The primary datatype that is fetched from a FeatureMap which is contains a pandas dataframe of the extracted chromatogram across all precursors and transitions. Thus, under the hood, the loadTransitionGroups() method is fetching a TransitionGroup and converting it into a FeatureMap. Due to this conversion step, if a pandas dataframe is required, it is generally faster to work with the FeatureMap directly.
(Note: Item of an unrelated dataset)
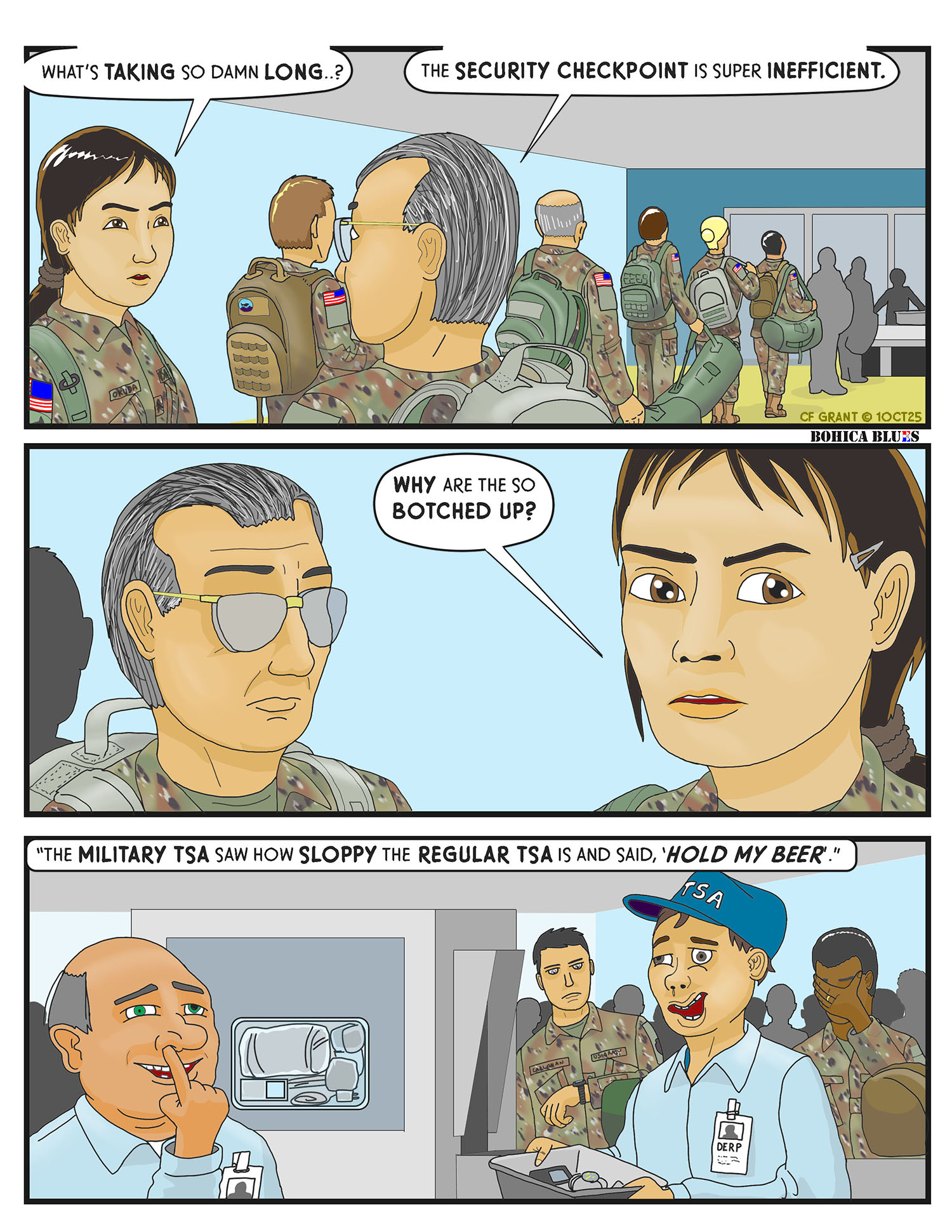 And they were so slow! Wow, it was an exercise in chaos. We’d already been up most of the night to begin with (not sure why) and they just could not get things to happen in a smooth and efficient manner. None of were carrying anything unusual; we didn’t have weapons with us at all and there were a few “secret squirrel” things they were few and ordinary stuff for any Battalion rotating through– nothing should have been a surprise.

The FeatureMap object can be loaded using the loadFeatureMaps() method as demonstrated below.

[8]:
featureMap = loader.loadFeatureMaps("AFVDFLSDEIK", 2, extraction_config)
print(type(featureMap))
featureMap
<class 'massdash.structs.FeatureMapCollection.FeatureMapCollection'>
[8]:
{'ionMobilityTest': <massdash.structs.FeatureMap.FeatureMap at 0x75219b42d430>}

Simmilar to the loadTransitionGroup() method this method returns a :py:class`~structs.FeatureMapCollection` where the keys are the runnames and the values are the corresponding :py:class`~structs.FeatureMap`

The FeatureMap object has two important properties:

  1. .feature_df property which returns the dataframe

  2. .config property which returns the TargetedDIAExtraction that was used to generate this FeatureMap

[9]:
featureMap['ionMobilityTest'].feature_df
[9]:
native_id ms_level precursor_mz mz rt im int Annotation product_mz
0 1 642.3295 642.334187 6225.005106 0.900254 76.000458 prec 642.3295
1 1 642.3295 642.334187 6225.005106 0.969271 153.011276 prec 642.3295
2 2 642.3295 504.262011 6225.110817 0.935281 68.001518 y4^1 504.2664
3 2 642.3295 504.262011 6225.110817 1.025902 41.000328 y4^1 504.2664
4 2 642.3295 504.262011 6225.110817 0.926001 43.000782 y4^1 504.2664
... ... ... ... ... ... ... ... ... ...
6812 2 642.3295 1065.546118 6266.515136 0.975441 8.999968 y9^1 1065.5463
6813 2 642.3295 1065.551224 6266.515136 0.986777 33.001766 y9^1 1065.5463
6814 2 642.3295 1065.551224 6266.515136 0.923945 84.003464 y9^1 1065.5463
6815 2 642.3295 1065.556331 6266.515136 0.910546 63.997871 y9^1 1065.5463
6816 2 642.3295 1065.556331 6266.515136 0.921891 54.000694 y9^1 1065.5463

6817 rows × 9 columns

[10]:
featureMap['ionMobilityTest'].config
[10]:
<massdash.structs.TargetedDIAConfig.TargetedDIAConfig at 0x75217a365bb0>

Converting a FeatureMap to 1D data

A :py:class:`~structs.FeatureMap` be difficult to work with due to its high dimensionality. Thus, massDash has built in methods to convert a :py:class:`~structs.FeatureMap` into a :py:class:`~structs.Chromatogram` (retention time vs intensity), :py:class:`~structs.Spectrum` (m/z vs intensity) or, if ion mobility is present a :py:class:`~structs.Mobilogram` (intensity vs ion mobility)To accomplish this we can use the :py:func:`~structs.FeatureMap.to_chromatogram`, :py:func:`~structs.FeatureMap.to_spectra`, :py:func:`~structs.FeatureMap.to_mobilograms` methods respectively
[11]:
chromatograms = featureMap['ionMobilityTest'].to_chromatograms()
chromatograms
[11]:
<massdash.structs.TransitionGroup.TransitionGroup at 0x752179ff22b0>
[12]:
spectra = featureMap['ionMobilityTest'].to_spectra()
spectra
[12]:
<massdash.structs.TransitionGroup.TransitionGroup at 0x75217a365100>
[13]:
mobilograms = featureMap['ionMobilityTest'].to_mobilograms()
mobilograms
[13]:
<massdash.structs.TransitionGroup.TransitionGroup at 0x75219aaa41f0>

Note

When converting a FeatureMap a TransitionGroup is always returned however the underlying data type is different based on the conversion method used.